Retype each line of the data below exactly, beginning with the first and ending with the one that contains "春の河津町 満開の河津桜と河津川に架かるやかた橋【静岡県】 Kawazu". Pictures do not belong in the copy.
-------- Supplied information
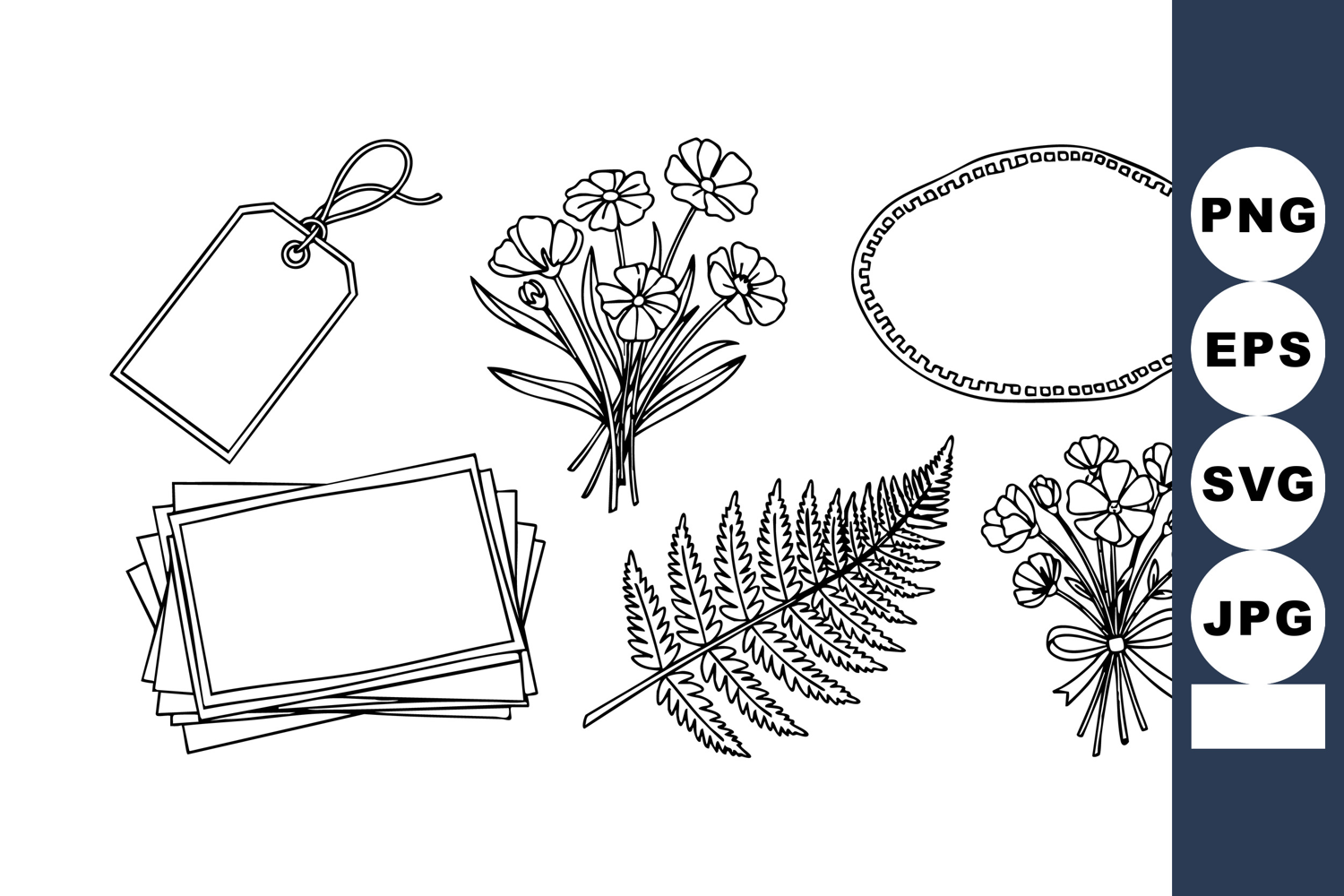 This vector features detailed vintage line art of flowers, a fern leaf, blank tags, and decorative frames suitable for design projects with a classic natural style calm
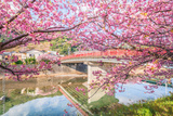 春の河津町 満開の河津桜と河津川に架かるやかた橋【静岡県】 Kawazu cherry blossoms blooming in Kawazu Town, a famous cherry blossom spot in Shizuoka - Japan
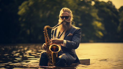 a saxophonist old with a beard jazz guy in a suit on the raft on the river. he is wearing a suit and dark sunglasses. Cinematic, natural lighting. --ar 16:9
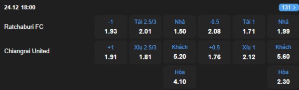 Với sự tương phản hoàn toàn về phong độ, Ratchaburi được xếp ở cửa trên với mức chấp 1 trái. Đây là tỉ lệ cho thấy niềm tin tuyệt đối vào đội chủ nhà. Trong khi Ratchaburi đang duy trì hiệu suất ghi bàn ấn tượng để bám đuổi ngôi đầu, thì hàng thủ của Chiangrai lại đang bộc lộ quá nhiều sơ hở. Với tâm lý hưng phấn khi được chơi tại sào huyệt, một chiến thắng dành cho Ratchaburi là lựa chọn rất sáng giá.
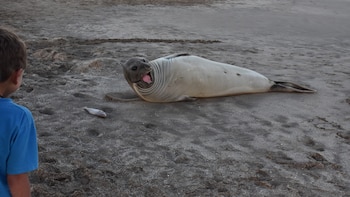 En la madrugada del martes, un elefante marino apareció tendido en la playa de Valeria del Mar y sorprendió a todos los turistas.
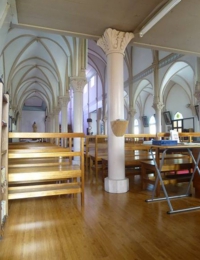 この写真は少しだけ開いていた扉の隙間から撮らせていただきました。 こうもり天井(リブ・ヴォールト天井)が美しいですね。楠原教会は、福江港から車で岐宿方向へ行き(約20分)、岐宿支所の信号を左折(二本楠方面)約10分です。
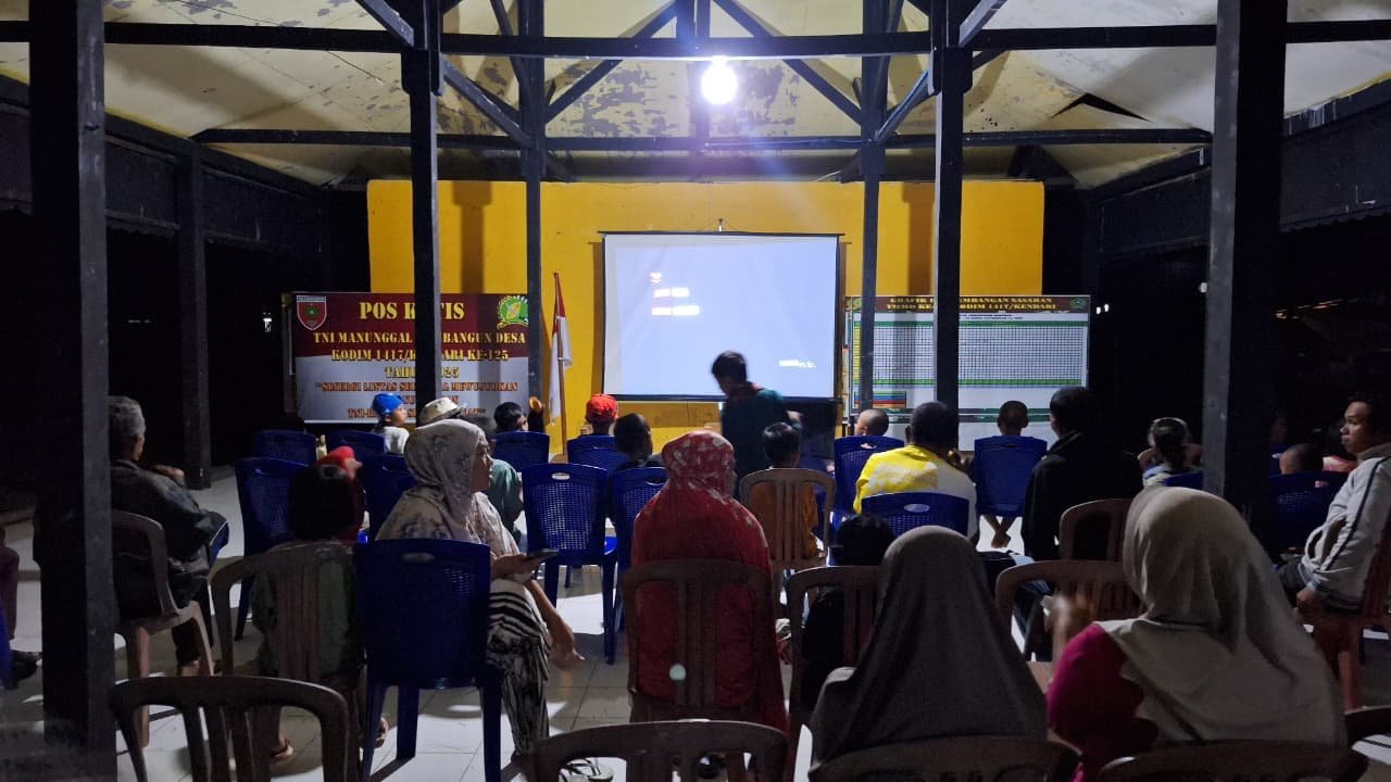 Konawe – Dalam rangkaian kegiatan TNI Manunggal Membangun Desa (TMMD) ke-125, Satgas Kodim 1417/Kendari mengajak warga Desa Awua Jaya, Kecamatan Asinua, Kabupaten Konawe, untuk bersama-sama menyaksikan film perjuangan di Balai Desa, Rabu (20/8).
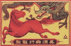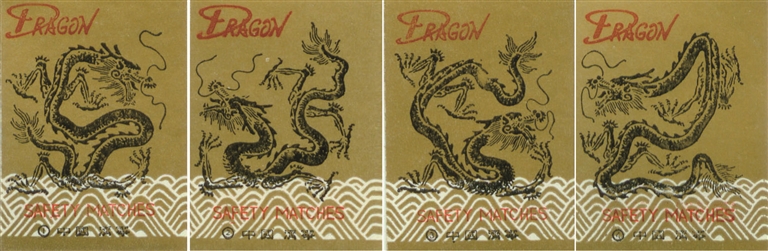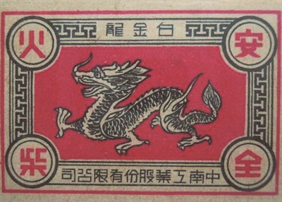 龙何时现身火花,不得而知。不过早在20世纪三四十年代,龙就在火花这个巴掌大的平台,不时显露出神龙家族的神秘色彩。如贵州惠川火柴厂出品的“龙”火花(图1),腾飞着一条三爪游龙。中南工业股份有限公司出品的“白金龙”火花(图2),是一条四爪游龙。广东省城花地出品的龙凤火花(图3),采用龙凤舞动回环的艳丽色彩,表达国人一贯追求龙凤合鸣、龙凤呈祥的美好愿景。吴源兴行监制的“龙马”火花(图4),则以红马与彩龙追逐嬉戏的画面,暗喻中华儿女具有旺盛的龙马精神。
----------------
Your solution:
 This vector features detailed vintage line art of flowers, a fern leaf, blank tags, and decorative frames suitable for design projects with a classic natural style calm
 春の河津町 満開の河津桜と河津川に架かるやかた橋【静岡県】 Kawazu cherry blossoms blooming in Kawazu Town, a famous cherry blossom spot in Shizuoka - Japan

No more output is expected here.